Find the sum of all numbers, less than one million, which are palindromic in base 10 and base 2.

(Please note that the palindromic number, in either base, may not include leading zeros.)

Duncan's taken a fairly brute force approach: looping to 1000000 and cherry-picking the results that are a) decimal palindromes, and then also b) binary ones. He outputs them, and tallies them up. Hopefully he doesn't mind me reproducing his code:

<?php
$sum = 0;

function isPalindrome($x)
{
    return $x == strrev($x);
}

for ($i = 1;$i <= 999999; $i++) {
    if (isPalindrome($i) && isPalindrome(decbin($i))) {
        echo $i . " " . decbin($i) . "<br>";
        $sum += $i;
    }
}

echo $sum;

This solution is short, and it works. So that's a tick in the box.

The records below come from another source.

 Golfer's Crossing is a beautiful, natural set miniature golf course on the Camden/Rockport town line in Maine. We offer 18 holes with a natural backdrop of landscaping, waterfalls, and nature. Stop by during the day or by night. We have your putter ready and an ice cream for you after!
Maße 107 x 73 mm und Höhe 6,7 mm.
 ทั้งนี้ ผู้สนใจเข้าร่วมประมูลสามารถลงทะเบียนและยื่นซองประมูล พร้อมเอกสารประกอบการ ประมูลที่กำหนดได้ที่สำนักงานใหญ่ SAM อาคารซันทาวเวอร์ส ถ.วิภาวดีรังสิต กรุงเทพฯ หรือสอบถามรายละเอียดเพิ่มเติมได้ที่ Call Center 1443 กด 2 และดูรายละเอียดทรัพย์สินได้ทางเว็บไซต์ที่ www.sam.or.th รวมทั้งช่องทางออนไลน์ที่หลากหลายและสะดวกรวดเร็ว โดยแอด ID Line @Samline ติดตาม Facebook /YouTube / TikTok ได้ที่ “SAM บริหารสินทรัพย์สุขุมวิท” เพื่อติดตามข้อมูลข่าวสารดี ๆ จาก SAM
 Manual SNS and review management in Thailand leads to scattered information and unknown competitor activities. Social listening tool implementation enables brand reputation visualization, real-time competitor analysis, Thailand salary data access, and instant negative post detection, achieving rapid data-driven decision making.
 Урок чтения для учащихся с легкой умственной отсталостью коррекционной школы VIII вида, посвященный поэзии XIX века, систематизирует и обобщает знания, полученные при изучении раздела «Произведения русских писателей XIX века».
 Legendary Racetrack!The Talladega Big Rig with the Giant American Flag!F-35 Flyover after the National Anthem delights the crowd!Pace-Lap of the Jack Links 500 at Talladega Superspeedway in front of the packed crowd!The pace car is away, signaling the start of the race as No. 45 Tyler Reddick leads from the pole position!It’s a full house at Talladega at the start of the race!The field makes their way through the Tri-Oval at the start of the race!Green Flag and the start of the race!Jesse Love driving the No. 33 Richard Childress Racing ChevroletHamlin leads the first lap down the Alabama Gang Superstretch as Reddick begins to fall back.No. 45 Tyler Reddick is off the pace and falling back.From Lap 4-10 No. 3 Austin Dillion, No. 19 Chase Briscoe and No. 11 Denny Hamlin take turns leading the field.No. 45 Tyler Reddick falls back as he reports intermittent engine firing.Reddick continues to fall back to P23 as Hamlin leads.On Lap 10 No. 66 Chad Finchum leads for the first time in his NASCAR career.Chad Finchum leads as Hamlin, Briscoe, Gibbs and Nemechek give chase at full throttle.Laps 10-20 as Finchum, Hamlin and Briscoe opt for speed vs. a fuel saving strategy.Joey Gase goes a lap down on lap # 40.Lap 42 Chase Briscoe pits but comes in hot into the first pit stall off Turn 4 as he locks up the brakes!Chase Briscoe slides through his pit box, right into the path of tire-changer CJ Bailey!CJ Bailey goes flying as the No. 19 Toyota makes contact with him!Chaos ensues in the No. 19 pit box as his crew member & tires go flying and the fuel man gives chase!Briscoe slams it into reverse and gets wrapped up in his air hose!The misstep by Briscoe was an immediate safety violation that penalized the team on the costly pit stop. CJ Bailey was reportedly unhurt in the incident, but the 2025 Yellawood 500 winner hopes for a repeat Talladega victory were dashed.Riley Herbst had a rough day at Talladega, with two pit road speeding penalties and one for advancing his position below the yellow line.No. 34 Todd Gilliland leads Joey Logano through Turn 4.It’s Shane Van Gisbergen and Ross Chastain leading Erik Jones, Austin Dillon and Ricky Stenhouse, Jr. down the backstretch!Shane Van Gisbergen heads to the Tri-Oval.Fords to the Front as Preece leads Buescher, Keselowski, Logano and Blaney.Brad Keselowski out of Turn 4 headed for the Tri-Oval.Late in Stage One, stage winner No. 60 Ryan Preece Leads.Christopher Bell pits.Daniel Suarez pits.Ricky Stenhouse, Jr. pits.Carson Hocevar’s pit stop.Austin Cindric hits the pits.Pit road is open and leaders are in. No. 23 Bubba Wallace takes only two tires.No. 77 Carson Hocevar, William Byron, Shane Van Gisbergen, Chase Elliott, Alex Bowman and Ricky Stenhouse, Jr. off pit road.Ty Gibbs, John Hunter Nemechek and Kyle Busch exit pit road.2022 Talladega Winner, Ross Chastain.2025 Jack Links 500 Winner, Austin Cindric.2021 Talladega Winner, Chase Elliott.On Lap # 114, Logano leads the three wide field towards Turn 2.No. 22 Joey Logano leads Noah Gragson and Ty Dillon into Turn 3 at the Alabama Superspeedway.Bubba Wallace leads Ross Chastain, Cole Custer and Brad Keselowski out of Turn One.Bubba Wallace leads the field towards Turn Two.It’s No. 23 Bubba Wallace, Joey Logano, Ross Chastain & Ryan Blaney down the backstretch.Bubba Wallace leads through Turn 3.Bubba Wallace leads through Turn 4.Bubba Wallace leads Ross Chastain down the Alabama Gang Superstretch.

However I have a real problem with loops that actually don't do anything for most of their iterations. For example here, there's only 19 of the iterations we're interested in: the rest we exclude. So 99.99% - literally! (to two decimal places anyhow) - of that loop is a waste of time.

We had a more egregious example of this at work the other day. We had an array of potential matches, and we looped over them to find which one we wanted, then exited. That is not an exercise for a loop. If one is doing a loop, then I feel the code in the loop ought to apply to say 80% (80/20 rule picked arbitrarily here) of the iterations. For the work exercise the answer was to apply a filter to the array to get the one we wanted, then just use it.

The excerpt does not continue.